I’m feeling the urge to get started again. I’m also starting yoga again and I’m hoping that reconnecting with my body will help my writing. The writing that I have done recently is all head, all thinking. I need to connect more with the concrete, with my body, and with my heart.
I’m working on redefining my schedule so that I *do* have time for the things that matter instead of letting them get pushed to the margins all the time.
Sara, I totally get putting paid work first and I fell into that this fall. But you know you’ll get that work done because you have to, so why not take an hour to do your work first? (I’m going to practice what I preach tomorrow morning!)
I think that mind/body connection is huge. I look forward to hearing how that reconnection helps your writing.
Here’s to not letting the important stuff get pushed to the margins this year!
I’ve had a lot of different jobs over the years and each time I start a new job I think, “this is the job that will afford me more writing time.” It never happens! The time sucks are just incredible and we always have to watch out for them. I like your ban on social media before writing.
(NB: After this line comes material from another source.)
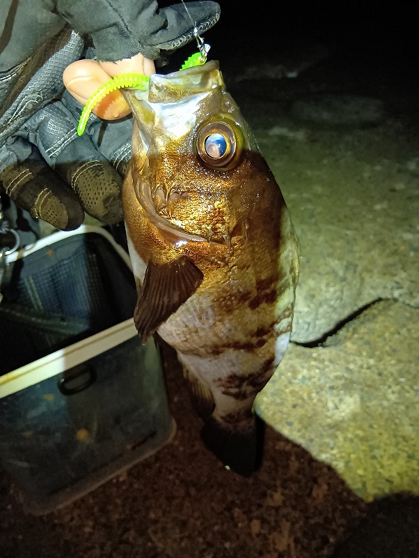 重量感を感じる割には暴力的な引きが無い?初物だから慎重に寄せてきて堤防へ抜き上げると良形メバル。
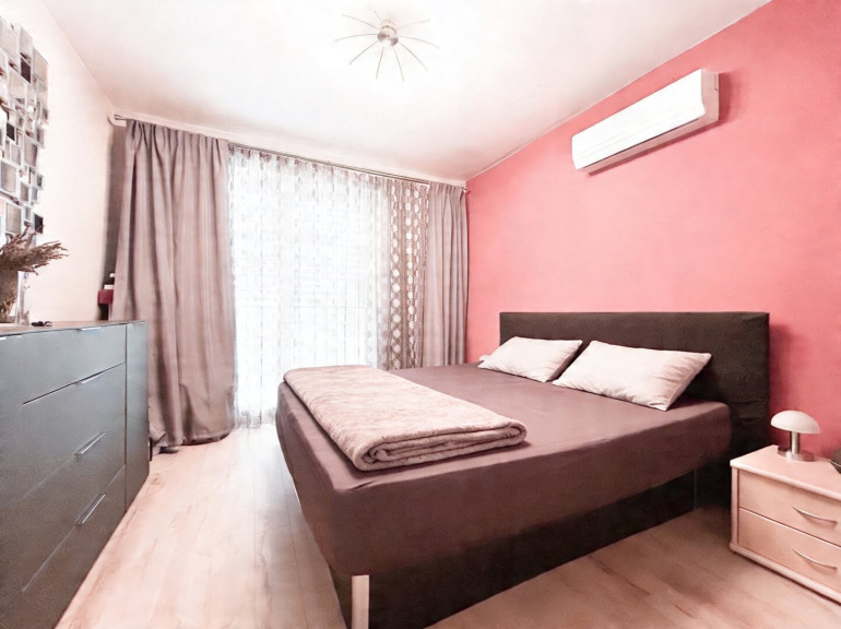 Die Immobilie kann teilmöbliert übernommen werden. Zur Ausstattung zählen unter anderem ein hochwertiges orthopädisches Wasserbett, ein Esstisch, eine Ledergarnitur sowie weitere Möbelstücke. Die Wohnung ist zudem mit einer Raumkühlung ausgestattet.

I’ve become lazy about that, too. In the mornings I like to open Microsoft Word and nothing else. That’s usually a successful strategy for me.
I’m glad to hear you’re running again!
Yes, Rachael, I should shut everything else down so I can only open Word when I get to my computer. I’ll do that for an extra dose of discipline.
Well, I met you in 2016 so I think it was a pretty awesome year (politics aside)!
I think creative endeavors are like the ocean, they ebb and flow, its hard to force the tides to adhere to our own schedules.
You are such an amazing writing mentor; I hope that you have some mentors to feed your writing life.
Lisa, indeed! Meeting you was a highlight of the year. And I’m so looking forward to seeing you again next month! And yes, I think some mentoring might be in store for me, too. Thank you, my dear. xo
Just saying hi and I always like reading your updates. Balance– oy. Hard.
It IS hard, isn’t it, Nina! I hope to see you soon!
I’m a geek and am all up in my brand new planner. It has a space for setting goals, a monthly overview, and daily planner pages–which I really need. One day a time! On Sunday, I sit down and schedule writing time and exercise time. Like you, I’m not myself without those things! Also, water. I didn’t realize how dehydrated I am and how that’s probably contributing to my ongoing issues with headaches. But my planner has a place to tick off daily water intake. Told you I was a geek! Happy New Year, friend! xo
I love you, geek! And your planner sounds amazing. Bring on the H2O!
Doing your course in early 2016 was one of the highlights of the year for me. I still think about how much I miss your course! You are such a valuable teacher and it helped me in ways far beyond writing! Wishing you a wonderful year ahead xx
Sarah! Thank you so much! How are you doing? I’d love to hear what you’re writing these days!
These words I need to hear. I have been feeling so distracted myself. And gorging on news and what others are saying. But you are right, balance is needed and attending to our health and well being. Improved if we get to our own work. First things first. Thank you!
I’m slowly feeling more settled with my work, but then I feel I’m not doing enough as an activist!